Input material Start Marker
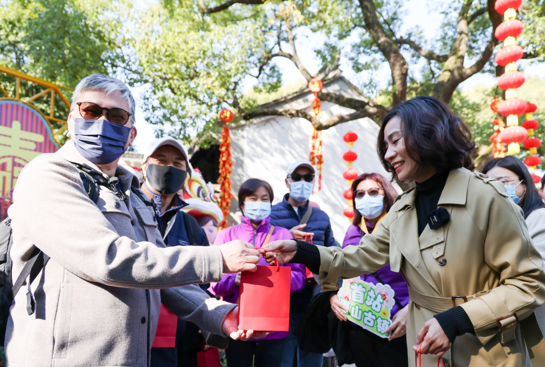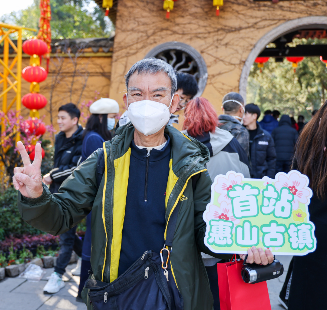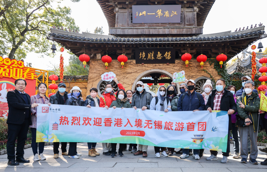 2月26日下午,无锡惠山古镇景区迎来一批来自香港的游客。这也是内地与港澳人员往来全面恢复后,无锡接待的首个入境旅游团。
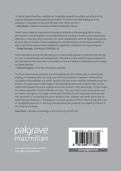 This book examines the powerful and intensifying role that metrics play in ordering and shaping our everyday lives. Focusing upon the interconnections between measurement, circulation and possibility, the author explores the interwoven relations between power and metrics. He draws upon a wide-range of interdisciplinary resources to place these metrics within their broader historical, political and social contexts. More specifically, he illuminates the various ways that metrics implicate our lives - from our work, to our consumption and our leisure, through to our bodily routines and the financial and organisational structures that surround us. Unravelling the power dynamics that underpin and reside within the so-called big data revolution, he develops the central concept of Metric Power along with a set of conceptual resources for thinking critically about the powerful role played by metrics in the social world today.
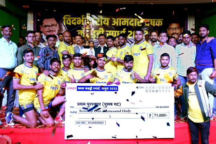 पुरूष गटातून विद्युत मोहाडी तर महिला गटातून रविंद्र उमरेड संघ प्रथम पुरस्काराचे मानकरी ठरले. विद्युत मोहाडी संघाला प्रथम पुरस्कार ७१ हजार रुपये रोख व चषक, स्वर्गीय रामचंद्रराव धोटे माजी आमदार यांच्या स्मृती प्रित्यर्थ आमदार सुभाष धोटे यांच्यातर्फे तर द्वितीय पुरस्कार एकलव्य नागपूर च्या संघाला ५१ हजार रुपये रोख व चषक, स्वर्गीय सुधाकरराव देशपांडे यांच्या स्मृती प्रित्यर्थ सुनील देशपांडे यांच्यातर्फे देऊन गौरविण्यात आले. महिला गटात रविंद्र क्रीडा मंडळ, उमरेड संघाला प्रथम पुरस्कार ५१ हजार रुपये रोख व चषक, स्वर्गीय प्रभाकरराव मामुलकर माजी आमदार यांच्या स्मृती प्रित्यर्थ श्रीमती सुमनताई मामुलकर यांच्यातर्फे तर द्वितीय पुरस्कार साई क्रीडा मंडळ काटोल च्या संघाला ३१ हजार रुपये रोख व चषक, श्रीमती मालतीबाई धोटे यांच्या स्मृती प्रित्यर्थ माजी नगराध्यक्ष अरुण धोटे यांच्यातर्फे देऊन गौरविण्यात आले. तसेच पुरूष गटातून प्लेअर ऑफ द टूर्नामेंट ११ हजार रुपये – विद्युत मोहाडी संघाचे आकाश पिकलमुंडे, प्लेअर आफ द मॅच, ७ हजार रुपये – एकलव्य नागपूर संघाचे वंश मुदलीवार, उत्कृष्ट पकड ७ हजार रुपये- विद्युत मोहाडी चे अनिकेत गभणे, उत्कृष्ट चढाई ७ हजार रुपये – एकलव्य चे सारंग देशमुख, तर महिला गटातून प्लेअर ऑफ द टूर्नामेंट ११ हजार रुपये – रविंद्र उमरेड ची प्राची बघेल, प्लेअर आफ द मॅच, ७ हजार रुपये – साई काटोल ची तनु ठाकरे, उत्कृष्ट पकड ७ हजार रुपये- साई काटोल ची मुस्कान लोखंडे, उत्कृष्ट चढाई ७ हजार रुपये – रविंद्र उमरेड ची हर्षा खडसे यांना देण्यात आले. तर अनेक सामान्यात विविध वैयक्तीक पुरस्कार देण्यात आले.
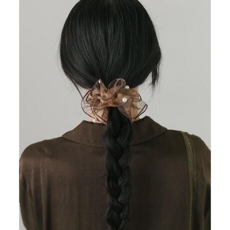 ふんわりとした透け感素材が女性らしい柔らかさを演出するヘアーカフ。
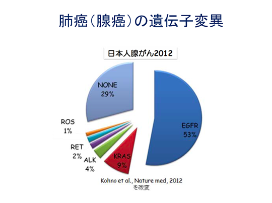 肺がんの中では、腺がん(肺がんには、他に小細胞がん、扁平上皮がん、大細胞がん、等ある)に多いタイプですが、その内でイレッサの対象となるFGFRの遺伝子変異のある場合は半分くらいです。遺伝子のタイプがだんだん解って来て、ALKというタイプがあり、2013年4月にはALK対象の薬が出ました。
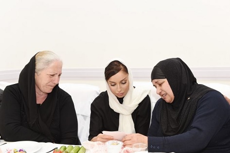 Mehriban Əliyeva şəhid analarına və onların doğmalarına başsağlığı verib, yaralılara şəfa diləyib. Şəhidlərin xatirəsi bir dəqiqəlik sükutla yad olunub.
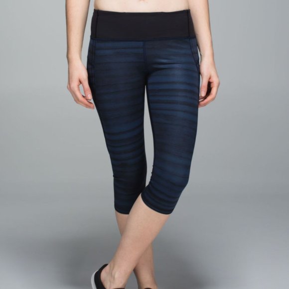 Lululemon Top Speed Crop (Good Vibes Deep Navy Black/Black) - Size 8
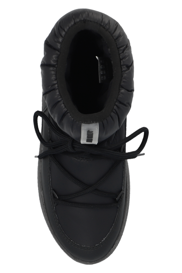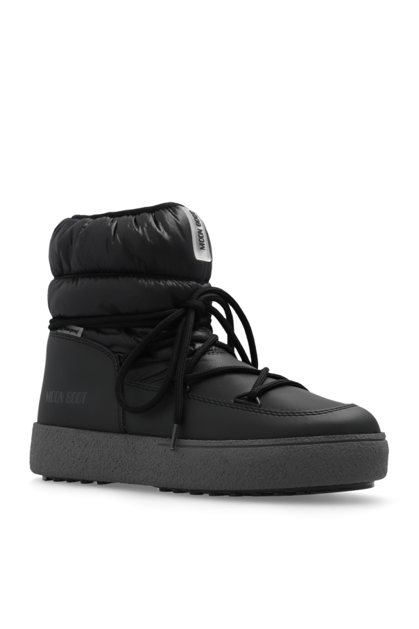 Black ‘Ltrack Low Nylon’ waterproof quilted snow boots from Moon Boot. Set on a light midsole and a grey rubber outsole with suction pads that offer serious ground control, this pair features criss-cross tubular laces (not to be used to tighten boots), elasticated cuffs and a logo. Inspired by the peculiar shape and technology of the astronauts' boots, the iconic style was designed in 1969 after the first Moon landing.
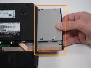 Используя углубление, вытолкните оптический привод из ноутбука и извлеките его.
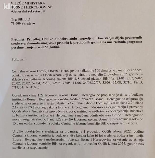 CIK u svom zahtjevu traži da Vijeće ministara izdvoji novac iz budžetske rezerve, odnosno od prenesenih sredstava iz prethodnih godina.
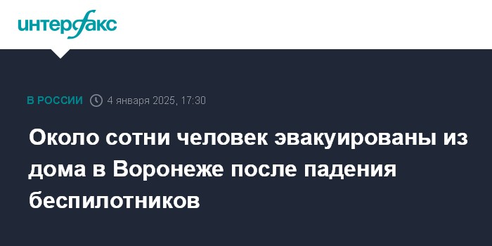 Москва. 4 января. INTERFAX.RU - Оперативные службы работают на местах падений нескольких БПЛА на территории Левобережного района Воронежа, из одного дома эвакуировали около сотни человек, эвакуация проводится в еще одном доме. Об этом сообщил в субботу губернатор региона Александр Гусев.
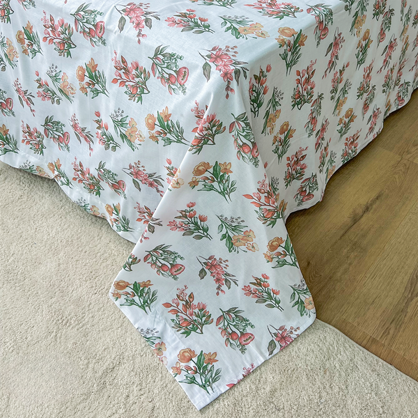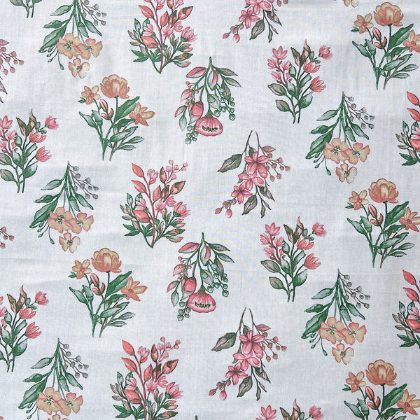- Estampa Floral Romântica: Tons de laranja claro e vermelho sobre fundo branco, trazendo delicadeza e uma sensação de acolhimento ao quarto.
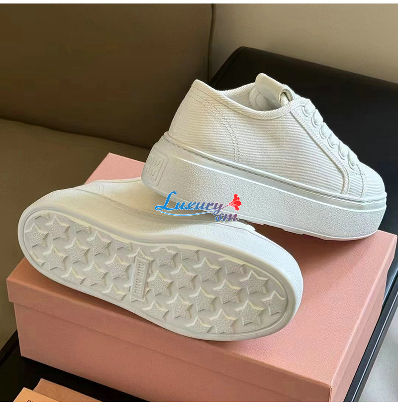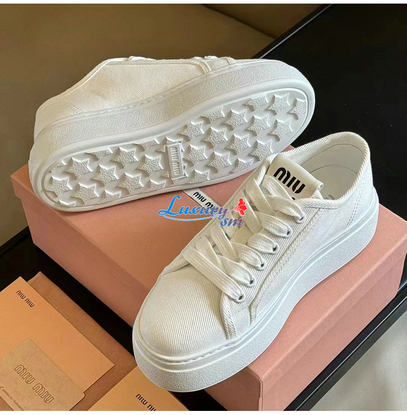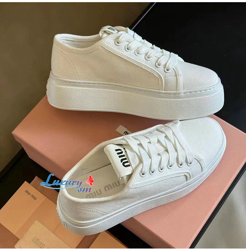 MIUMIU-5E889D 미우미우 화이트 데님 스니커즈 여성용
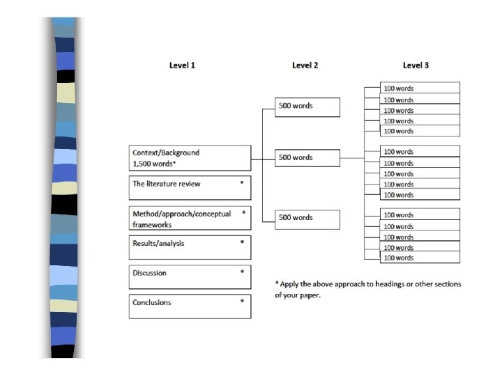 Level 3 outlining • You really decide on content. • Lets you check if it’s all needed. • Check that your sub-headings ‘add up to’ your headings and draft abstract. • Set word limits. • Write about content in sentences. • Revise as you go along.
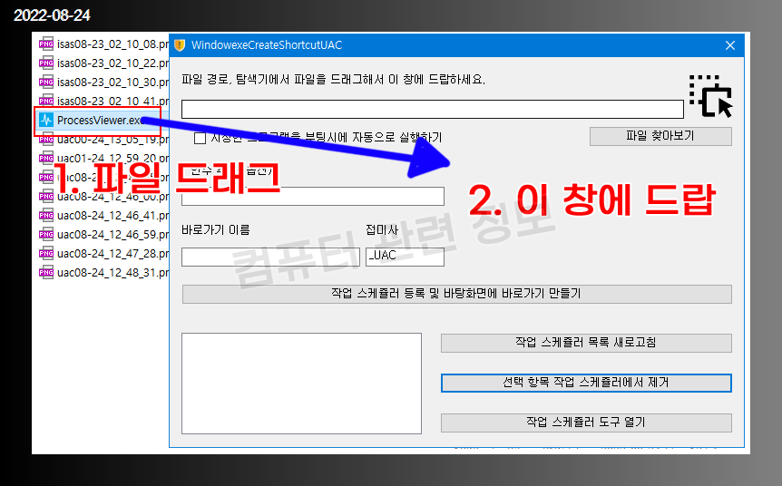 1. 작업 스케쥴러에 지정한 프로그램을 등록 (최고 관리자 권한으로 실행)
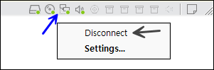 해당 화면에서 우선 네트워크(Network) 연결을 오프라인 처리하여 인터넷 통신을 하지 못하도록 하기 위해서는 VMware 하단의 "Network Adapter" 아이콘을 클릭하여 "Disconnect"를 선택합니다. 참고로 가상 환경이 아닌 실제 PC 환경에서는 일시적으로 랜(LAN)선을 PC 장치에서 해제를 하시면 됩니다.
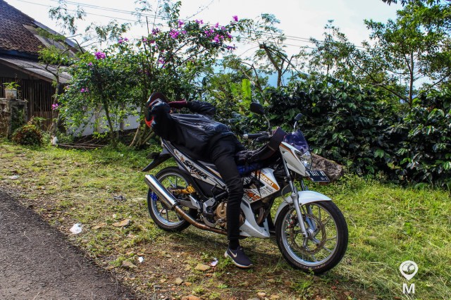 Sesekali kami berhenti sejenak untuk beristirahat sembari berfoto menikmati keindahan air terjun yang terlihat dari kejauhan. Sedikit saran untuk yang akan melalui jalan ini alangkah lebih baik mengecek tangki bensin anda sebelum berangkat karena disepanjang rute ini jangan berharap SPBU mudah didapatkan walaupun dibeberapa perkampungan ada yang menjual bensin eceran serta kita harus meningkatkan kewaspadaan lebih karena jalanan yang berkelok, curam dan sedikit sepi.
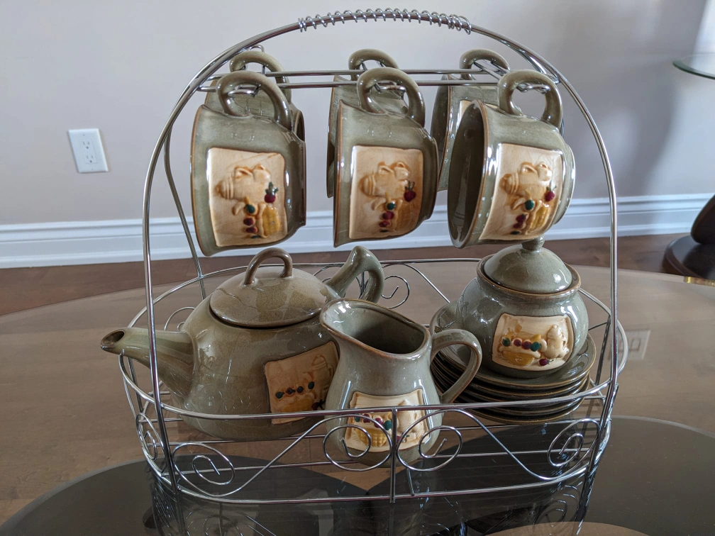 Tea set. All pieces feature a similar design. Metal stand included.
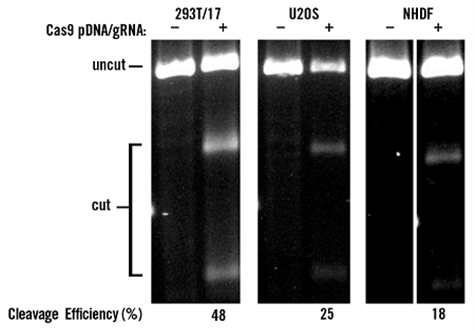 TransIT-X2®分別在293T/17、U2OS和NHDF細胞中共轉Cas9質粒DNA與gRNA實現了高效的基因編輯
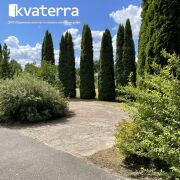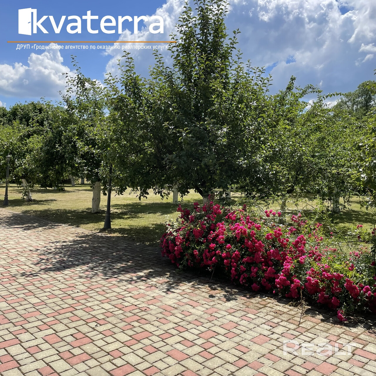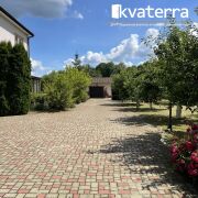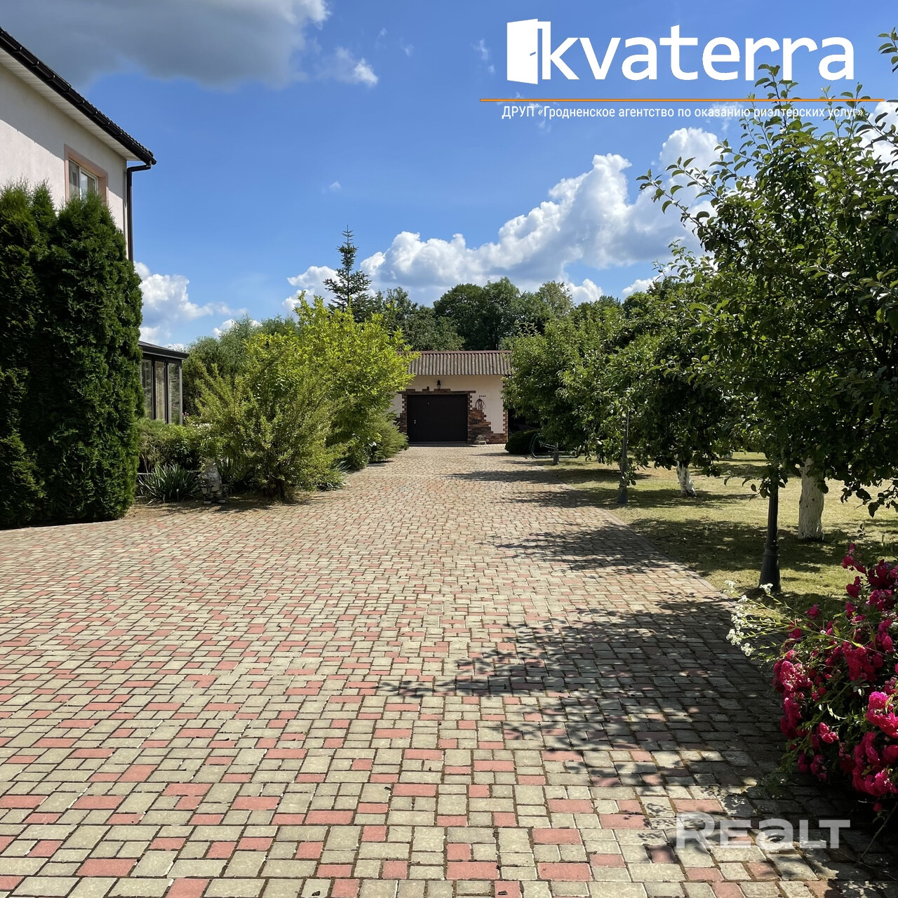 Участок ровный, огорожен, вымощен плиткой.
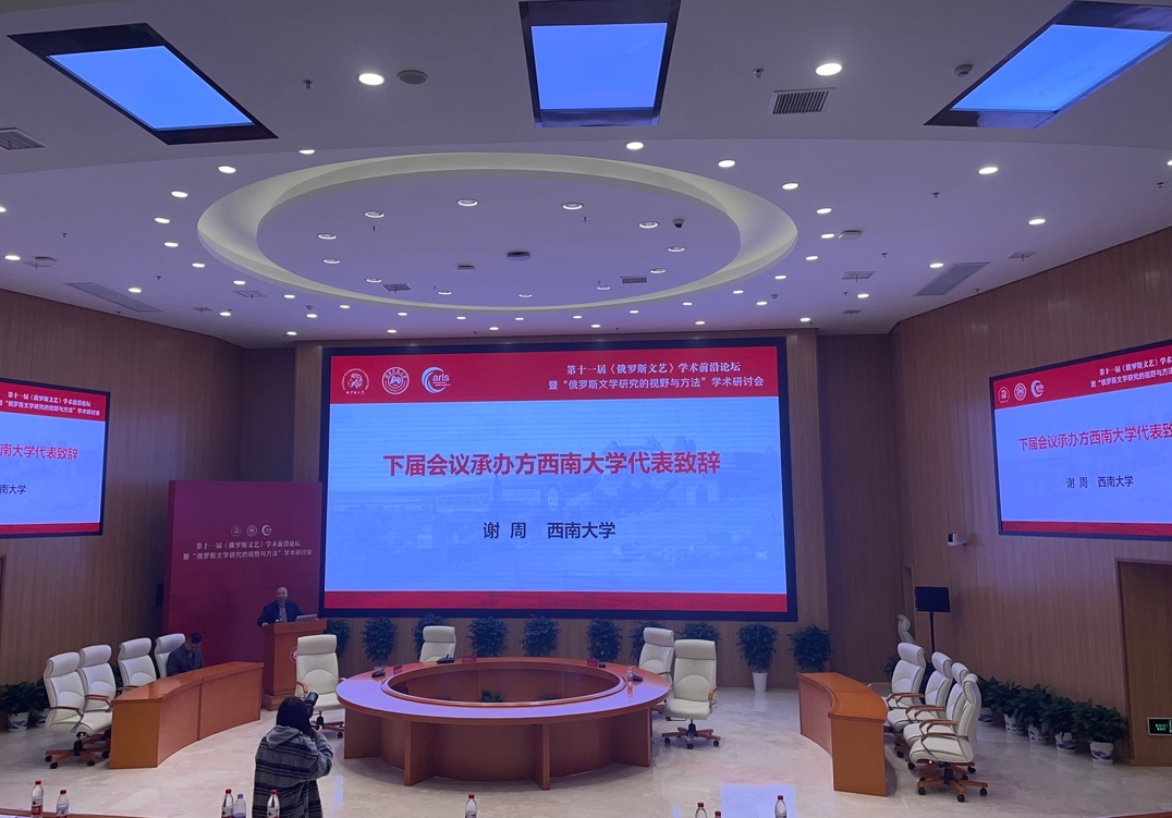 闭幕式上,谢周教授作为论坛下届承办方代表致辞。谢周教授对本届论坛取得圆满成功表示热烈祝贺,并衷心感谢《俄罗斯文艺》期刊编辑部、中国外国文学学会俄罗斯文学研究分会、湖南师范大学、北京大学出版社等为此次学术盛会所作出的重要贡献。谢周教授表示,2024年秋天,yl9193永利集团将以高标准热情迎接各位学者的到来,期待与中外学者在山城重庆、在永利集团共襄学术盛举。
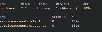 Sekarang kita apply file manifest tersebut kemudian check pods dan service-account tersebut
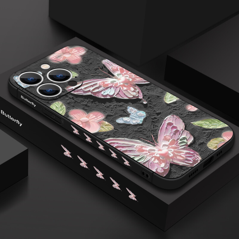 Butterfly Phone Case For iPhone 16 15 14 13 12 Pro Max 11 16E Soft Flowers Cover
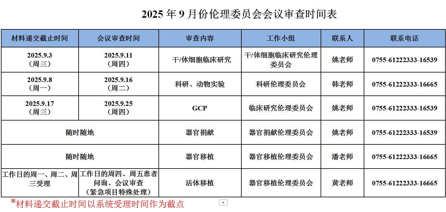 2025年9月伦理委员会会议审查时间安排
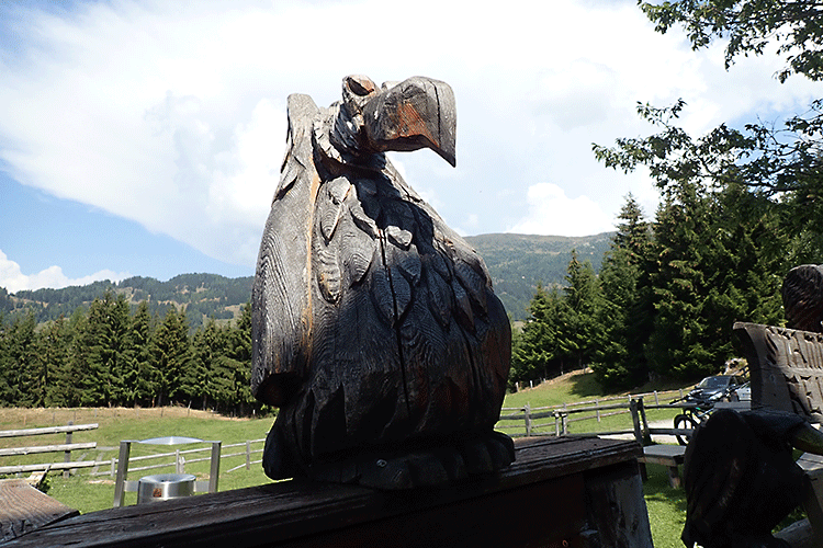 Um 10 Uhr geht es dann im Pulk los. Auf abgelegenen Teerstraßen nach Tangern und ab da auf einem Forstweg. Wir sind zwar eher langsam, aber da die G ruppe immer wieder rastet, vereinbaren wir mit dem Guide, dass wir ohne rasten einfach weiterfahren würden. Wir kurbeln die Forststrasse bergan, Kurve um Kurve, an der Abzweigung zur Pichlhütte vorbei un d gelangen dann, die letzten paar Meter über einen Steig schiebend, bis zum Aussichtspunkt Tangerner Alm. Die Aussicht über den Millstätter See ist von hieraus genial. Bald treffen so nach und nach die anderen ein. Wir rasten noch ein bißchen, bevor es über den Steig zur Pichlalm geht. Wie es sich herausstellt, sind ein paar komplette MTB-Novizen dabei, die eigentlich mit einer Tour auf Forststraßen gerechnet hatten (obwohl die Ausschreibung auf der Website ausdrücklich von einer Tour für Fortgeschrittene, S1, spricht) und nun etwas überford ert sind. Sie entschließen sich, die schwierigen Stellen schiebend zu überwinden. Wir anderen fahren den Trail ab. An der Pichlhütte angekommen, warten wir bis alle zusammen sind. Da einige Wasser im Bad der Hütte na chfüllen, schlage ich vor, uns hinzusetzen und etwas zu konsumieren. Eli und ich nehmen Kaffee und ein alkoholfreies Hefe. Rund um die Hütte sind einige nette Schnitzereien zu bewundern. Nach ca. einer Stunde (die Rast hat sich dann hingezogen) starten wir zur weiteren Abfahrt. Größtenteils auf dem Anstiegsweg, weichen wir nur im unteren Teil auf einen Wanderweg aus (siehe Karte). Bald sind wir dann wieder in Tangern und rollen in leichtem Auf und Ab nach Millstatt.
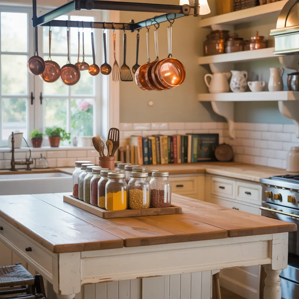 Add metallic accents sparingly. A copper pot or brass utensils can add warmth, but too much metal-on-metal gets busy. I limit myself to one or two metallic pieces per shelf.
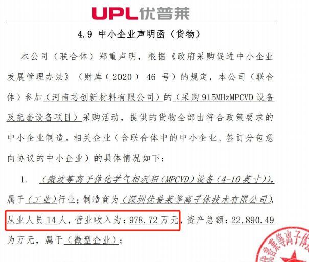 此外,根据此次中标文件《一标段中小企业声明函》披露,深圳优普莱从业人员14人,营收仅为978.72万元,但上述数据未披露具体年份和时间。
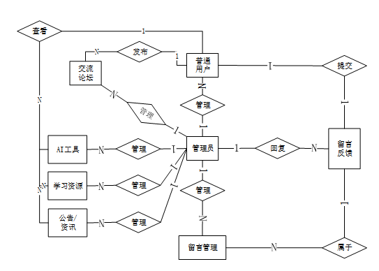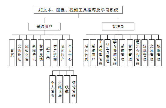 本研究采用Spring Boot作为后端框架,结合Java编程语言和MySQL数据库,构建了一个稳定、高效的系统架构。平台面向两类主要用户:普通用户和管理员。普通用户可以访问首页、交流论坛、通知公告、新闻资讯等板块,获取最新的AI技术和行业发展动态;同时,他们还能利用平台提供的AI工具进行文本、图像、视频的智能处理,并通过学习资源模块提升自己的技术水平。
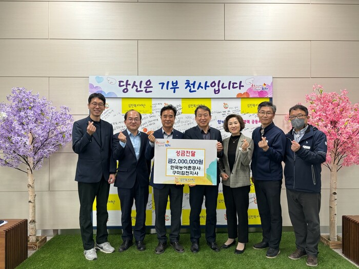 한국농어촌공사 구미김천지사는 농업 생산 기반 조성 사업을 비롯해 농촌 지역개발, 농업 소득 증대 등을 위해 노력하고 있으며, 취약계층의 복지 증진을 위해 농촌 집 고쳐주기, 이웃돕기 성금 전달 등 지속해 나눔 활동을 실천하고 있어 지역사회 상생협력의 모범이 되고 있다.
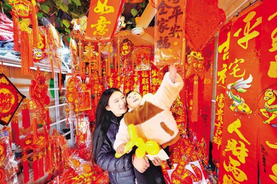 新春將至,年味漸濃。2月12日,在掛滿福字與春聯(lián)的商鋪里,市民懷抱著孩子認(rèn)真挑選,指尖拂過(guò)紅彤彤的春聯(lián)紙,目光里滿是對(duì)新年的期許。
Input material End Marker
Only the lines starting at the one that includes "Um 10 Uhr geht" and ending at the one that includes "此外,根据此次中标文件《一标" should be retyped, exactly, from the records above; no pictures.

 Um 10 Uhr geht es dann im Pulk los. Auf abgelegenen Teerstraßen nach Tangern und ab da auf einem Forstweg. Wir sind zwar eher langsam, aber da die G ruppe immer wieder rastet, vereinbaren wir mit dem Guide, dass wir ohne rasten einfach weiterfahren würden. Wir kurbeln die Forststrasse bergan, Kurve um Kurve, an der Abzweigung zur Pichlhütte vorbei un d gelangen dann, die letzten paar Meter über einen Steig schiebend, bis zum Aussichtspunkt Tangerner Alm. Die Aussicht über den Millstätter See ist von hieraus genial. Bald treffen so nach und nach die anderen ein. Wir rasten noch ein bißchen, bevor es über den Steig zur Pichlalm geht. Wie es sich herausstellt, sind ein paar komplette MTB-Novizen dabei, die eigentlich mit einer Tour auf Forststraßen gerechnet hatten (obwohl die Ausschreibung auf der Website ausdrücklich von einer Tour für Fortgeschrittene, S1, spricht) und nun etwas überford ert sind. Sie entschließen sich, die schwierigen Stellen schiebend zu überwinden. Wir anderen fahren den Trail ab. An der Pichlhütte angekommen, warten wir bis alle zusammen sind. Da einige Wasser im Bad der Hütte na chfüllen, schlage ich vor, uns hinzusetzen und etwas zu konsumieren. Eli und ich nehmen Kaffee und ein alkoholfreies Hefe. Rund um die Hütte sind einige nette Schnitzereien zu bewundern. Nach ca. einer Stunde (die Rast hat sich dann hingezogen) starten wir zur weiteren Abfahrt. Größtenteils auf dem Anstiegsweg, weichen wir nur im unteren Teil auf einen Wanderweg aus (siehe Karte). Bald sind wir dann wieder in Tangern und rollen in leichtem Auf und Ab nach Millstatt.
 Add metallic accents sparingly. A copper pot or brass utensils can add warmth, but too much metal-on-metal gets busy. I limit myself to one or two metallic pieces per shelf.
 此外,根据此次中标文件《一标段中小企业声明函》披露,深圳优普莱从业人员14人,营收仅为978.72万元,但上述数据未披露具体年份和时间。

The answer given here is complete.